One can also use a quoted expression, with either single or double quotes. The usual escaping convention holds, so "a\"a" would represent two a's with a " between them. However neither single nor double quotes may begin a path as this would make certain expressions ambiguous -- is a[@b = 'c']
comparing @b
to a path or a literal?
Finally, one can "quote" the entire expression following the qname
convention:
: (\p{PosixPunct}.+?\p{PosixPunct})
<require: (?{qname_test($^N)})>
A quoted name begins with a colon followed by some delimiter character, which must be a POSIX punctuation mark. These are the symbols
<>[](){}\/!"#$%&'*+,-.:;=?@^_`|~
If the character after the colon is the first of one of the bracket pairs, the trailing delimiter must be the other member of the pair, so
:<a>
:[a]
:(a)
:{a}
are correct but
:<a<
and so forth are bad. However,
:>a>
:]a]
:)a)
:}a}
are all fine, as are
:;a;
::a:
:-a-
and so forth. The qname
convention is a solution where you want to avoid the unreadability of escapes but have to do this at the beginning of a path or your tag name contains both sorts of ordinary quote characters. And again one may use the backslash to escape characters within the expression. If you use the backslash itself as the delimiter, you do not need to escape it.
:\a\ # good!
:\a\\a\ # also good! equivalent to a\\a
Since the qname
convention commits you to 3 extra-name characters before any escapes, it is generally not advisable unless you otherwise would have to escape more than 3 characters or you feel that whatever escaping you would have to do would mar legibility. Double and single quotes make particularly legible qname
delimiters if it comes to that. Compare
file\ name\ with\ spaces
:"file name with spaces"
One uses the same number of characters in each case but the second is clearly easier on the eye.
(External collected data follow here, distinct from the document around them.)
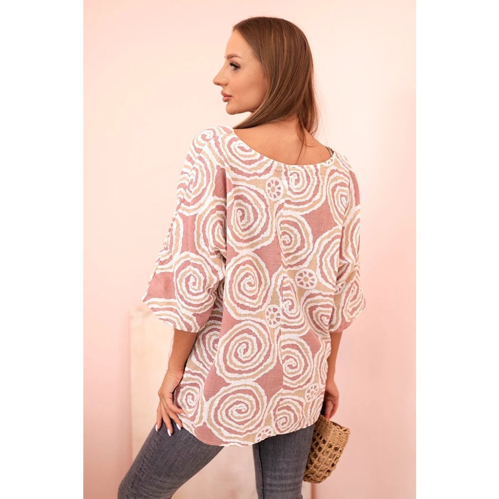 Dámská bavlněná blůza s etnickými vzory a ohrnutým rukávem
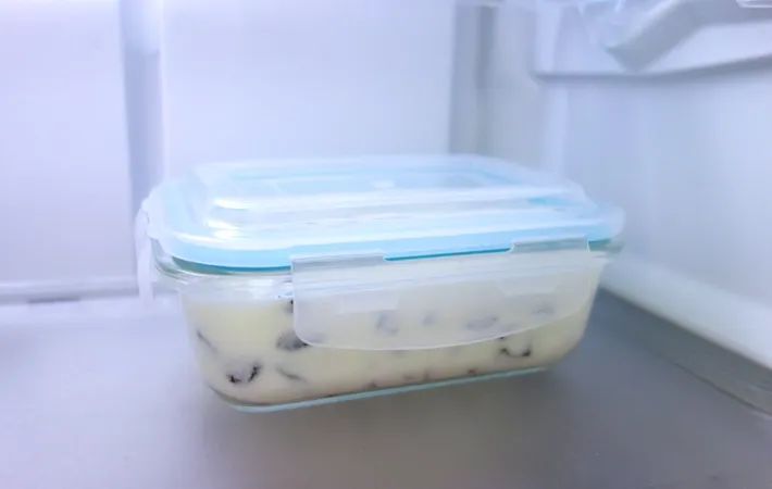 まずは、ヨーグルトとレーズンを保存容器に入れ、よく混ぜます。
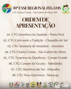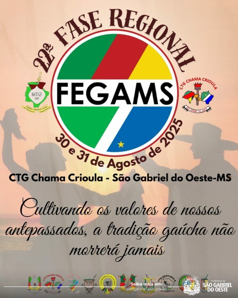 São Gabriel do Oeste será palco de mais uma grande celebração cultural: entre os dias 29 e 31 de agosto, o município recebe a 22ª Fase Regional do FEGAMS – Festival Sul-Mato-Grossense de Folclore e Tradição Gaúcha, no CTG Chama Crioula.
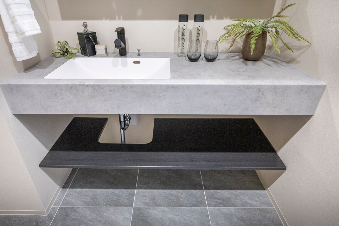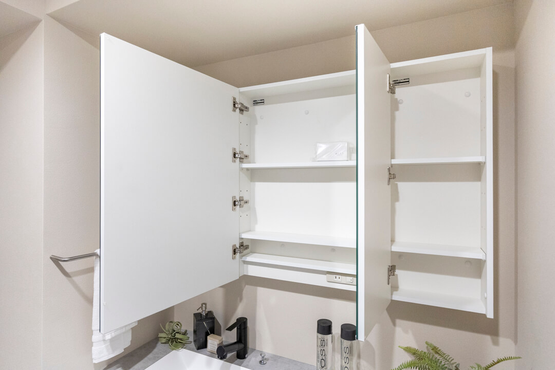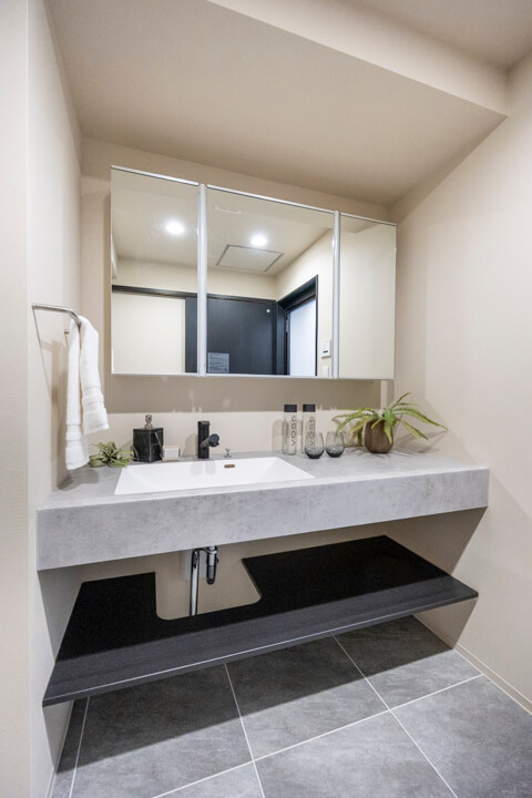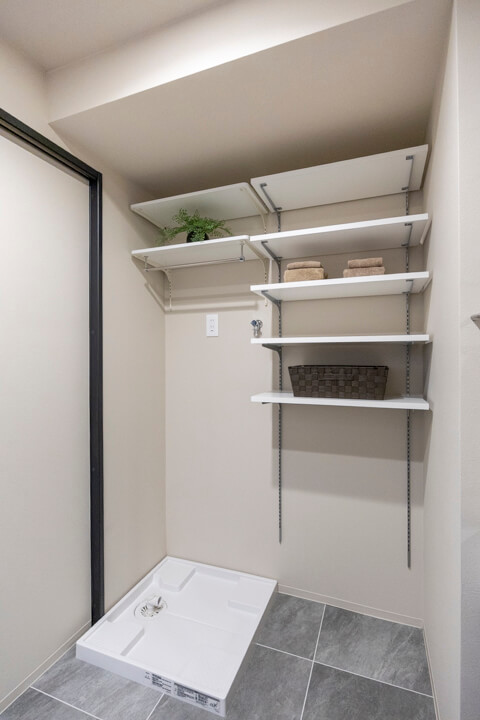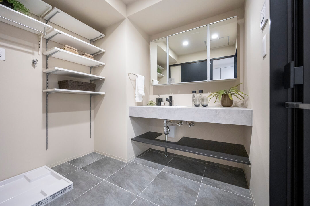 ホテルライクなお洒落な雰囲気の洗面室。洗面まわりの小物がすっきり整頓できるミラーボックス付きでいつでも整った状態をキープできそうです。手洗い器が左寄せに設置されており、その分カウンタースペースが広々使えます。洗濯機置き場の横には可動棚も設置されており、収納スペースもしっかりと確保されています。
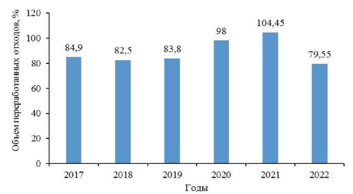 В 2022 году процент переработки отходов составил 79,55 % (2021 г. – 104,45 %) (рис. 1). Достигнутый объем переработки отходов в 2021 г. (более 100 %) объясняется тем, что кроме отходов, образованных в текущем году, дополнительно переработаны остатки отходов на предприятиях 2020 г.
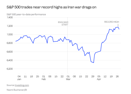 自特朗普4月7日首次宣布停火以来,美国股市已多次创下历史新高。尽管油价仍远高于战前水平,但美股投资者几乎已经认定伊朗战争已经结束。
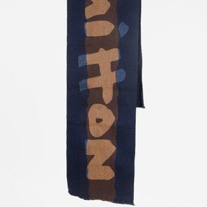 Louis Vuitton Navy Brown Letters Wool Scarf
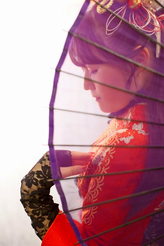 撮影小物の傘を使った目線を落とした写真や
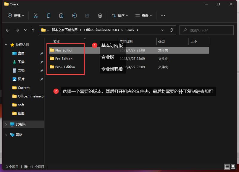 4.打开crack文件夹,大家将会看到三个文件夹,他们分别代表的是增强版(补丁安装后显示是基本订阅版)、专业版和专业增强版,大家可以更具自己的需要选择需要的版本,其实建议大家直接使用最高的Pro+专业增强版。
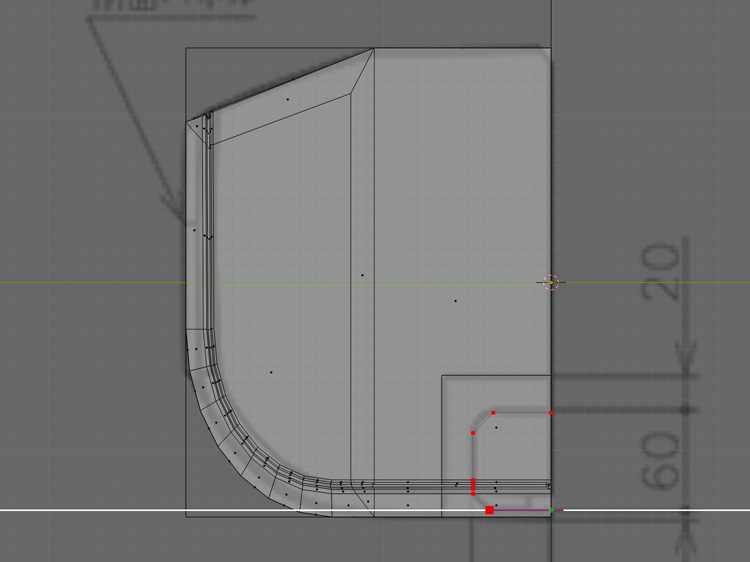 「3」+「5」でライト・平行投影表示にします。側面にも二面図を追加して、ガイドオブジェクトと合わせます。こうすることで、実寸サイズでモデリングすることができます。
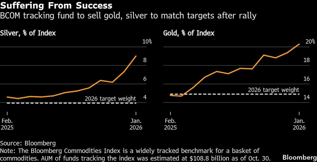 Both metals faced a similar index selloff last year, without causing a discernible drag on the market, according to a December note from JPMorgan Chase. The bank, however, said the amount of selling required in silver is more outsized this year.
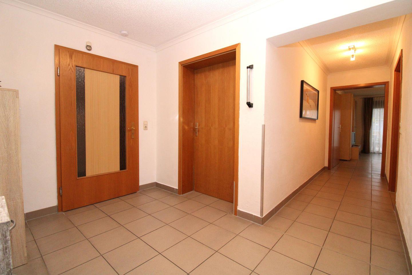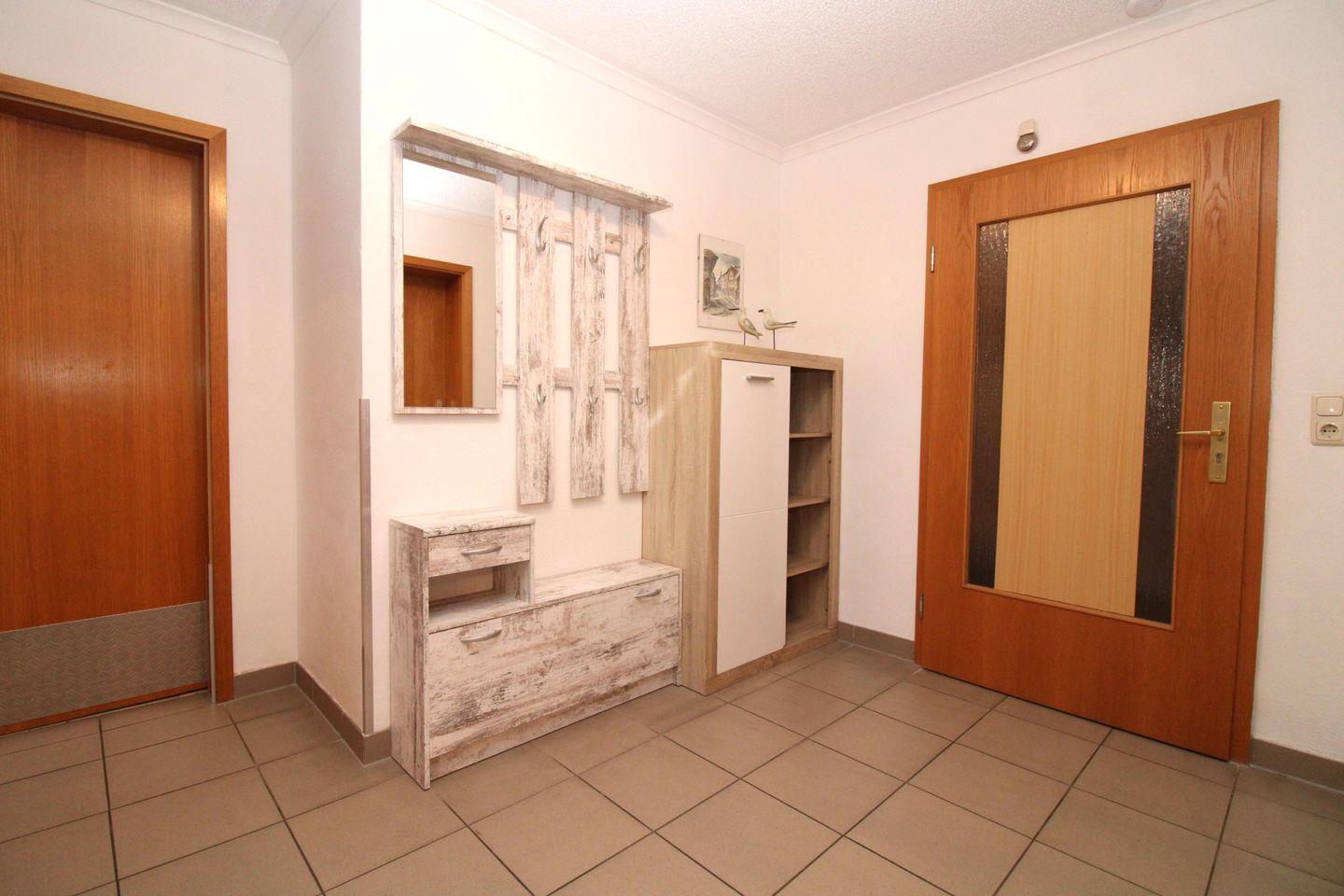 Von der geräumigen Diele mit großer Garderobe, Spiegel, Schuhschrank und Sideboard erreichen Sie bequem alle Räume Ihrer Ferienwohnung.
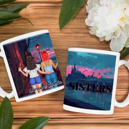Du möchtest mal wieder etwas einzigartiges verschenken? unsere Tasse Freundinnen Mit Namen Kölner Dom Dämmerung Soul Sisters das perfekte personalisierbare Geschenk.

In this case the colon is necessary because " cannot begin a path expression.
HISTORY
I wrote TPath initially in Java (http://dfhoughton.org/treepath/) because I wanted a more convenient way to select nodes from parse trees. I've re-written it in Perl because I figured it might be handy and why not?
ACKNOWLEDGEMENTS
Thanks to Damian Conway for Regexp::Grammars, which makes it pleasant to write complicated parsers, and the Moose Cabal, who make it pleasant to write elaborate object oriented Perl. Without the use of roles I don't think I would have tried this.
AUTHOR
David F. Houghton <dfhoughton@gmail.com>
COPYRIGHT AND LICENSE
This software is copyright (c) 2013 by David F. Houghton.
This is free software; you can redistribute it and/or modify it under the same terms as the Perl 5 programming language system itself.